TASK STATEMENT:
Nothing but the lines from the one containing "帯には「冠婚葬祭は日本文化の" through the last line of the records below should be copied, exactly and without pictures.

Saved data entries:

======

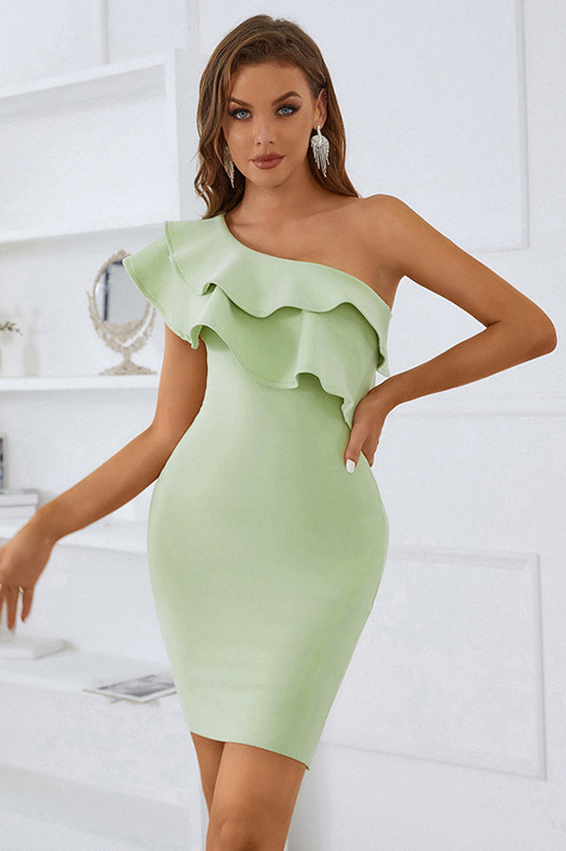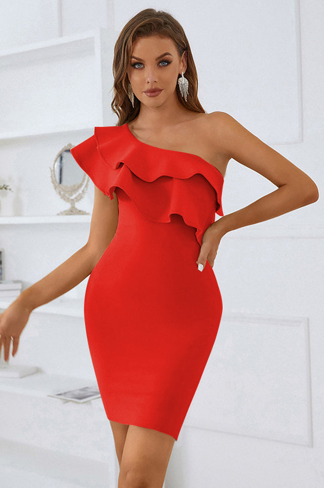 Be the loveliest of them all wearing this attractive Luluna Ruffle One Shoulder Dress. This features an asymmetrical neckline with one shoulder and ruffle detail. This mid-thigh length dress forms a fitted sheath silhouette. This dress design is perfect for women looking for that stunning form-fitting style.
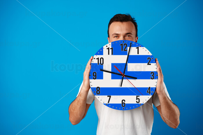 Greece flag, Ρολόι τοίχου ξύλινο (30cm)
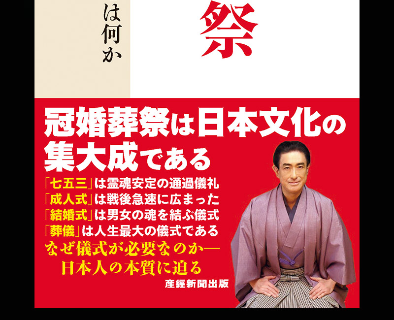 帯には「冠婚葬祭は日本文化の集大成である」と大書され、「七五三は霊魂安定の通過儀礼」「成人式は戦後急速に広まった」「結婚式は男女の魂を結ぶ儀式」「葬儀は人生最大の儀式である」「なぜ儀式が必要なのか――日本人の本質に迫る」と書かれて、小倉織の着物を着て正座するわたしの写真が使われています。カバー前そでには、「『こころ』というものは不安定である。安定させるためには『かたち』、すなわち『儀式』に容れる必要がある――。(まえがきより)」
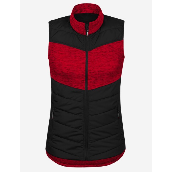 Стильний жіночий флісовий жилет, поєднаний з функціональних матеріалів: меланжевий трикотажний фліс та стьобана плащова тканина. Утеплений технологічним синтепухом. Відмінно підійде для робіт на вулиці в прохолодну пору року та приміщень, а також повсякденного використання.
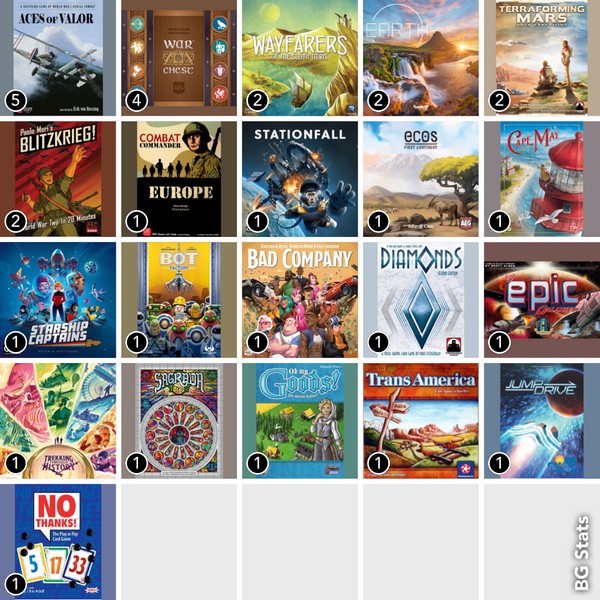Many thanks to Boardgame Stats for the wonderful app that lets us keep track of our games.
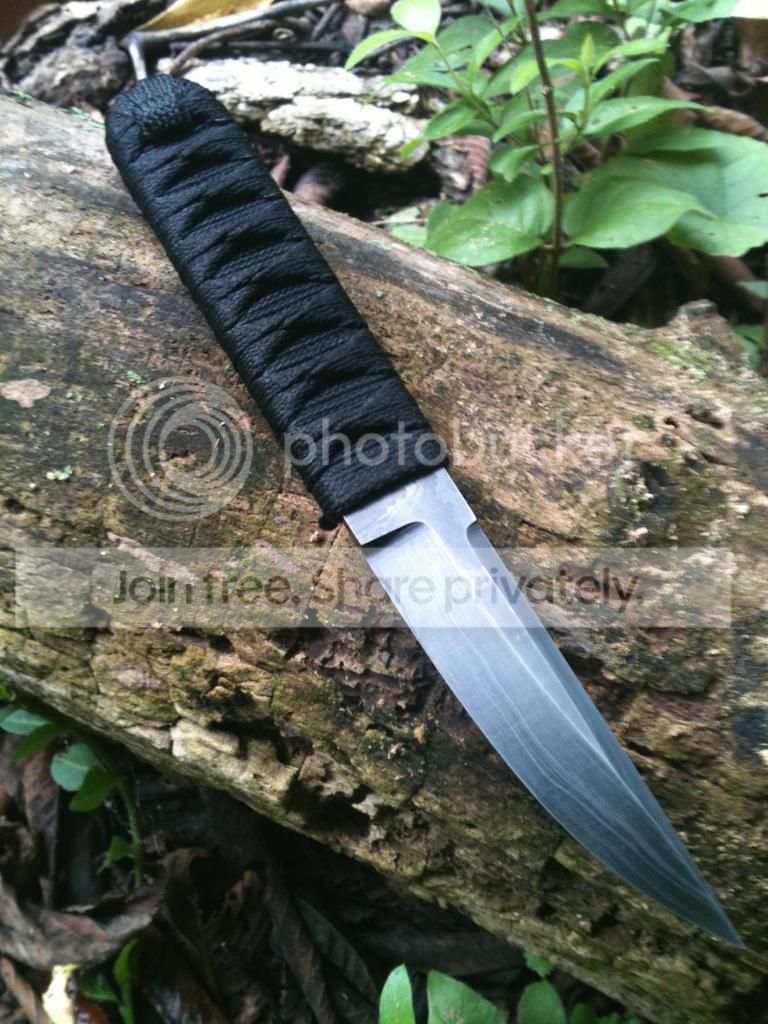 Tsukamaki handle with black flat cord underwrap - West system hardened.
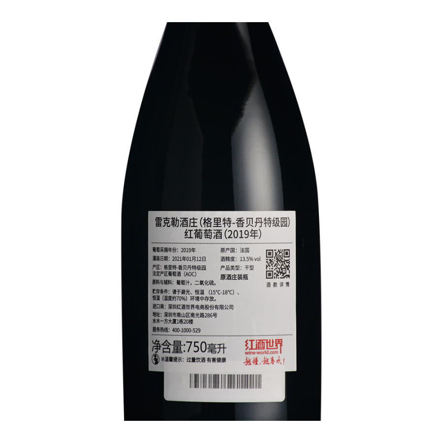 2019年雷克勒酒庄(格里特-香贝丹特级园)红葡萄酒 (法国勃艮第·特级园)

======

OUTPUT FOR THIS EXERCISE:
 帯には「冠婚葬祭は日本文化の集大成である」と大書され、「七五三は霊魂安定の通過儀礼」「成人式は戦後急速に広まった」「結婚式は男女の魂を結ぶ儀式」「葬儀は人生最大の儀式である」「なぜ儀式が必要なのか――日本人の本質に迫る」と書かれて、小倉織の着物を着て正座するわたしの写真が使われています。カバー前そでには、「『こころ』というものは不安定である。安定させるためには『かたち』、すなわち『儀式』に容れる必要がある――。(まえがきより)」
 Стильний жіночий флісовий жилет, поєднаний з функціональних матеріалів: меланжевий трикотажний фліс та стьобана плащова тканина. Утеплений технологічним синтепухом. Відмінно підійде для робіт на вулиці в прохолодну пору року та приміщень, а також повсякденного використання.
Many thanks to Boardgame Stats for the wonderful app that lets us keep track of our games.
 Tsukamaki handle with black flat cord underwrap - West system hardened.
 2019年雷克勒酒庄(格里特-香贝丹特级园)红葡萄酒 (法国勃艮第·特级园)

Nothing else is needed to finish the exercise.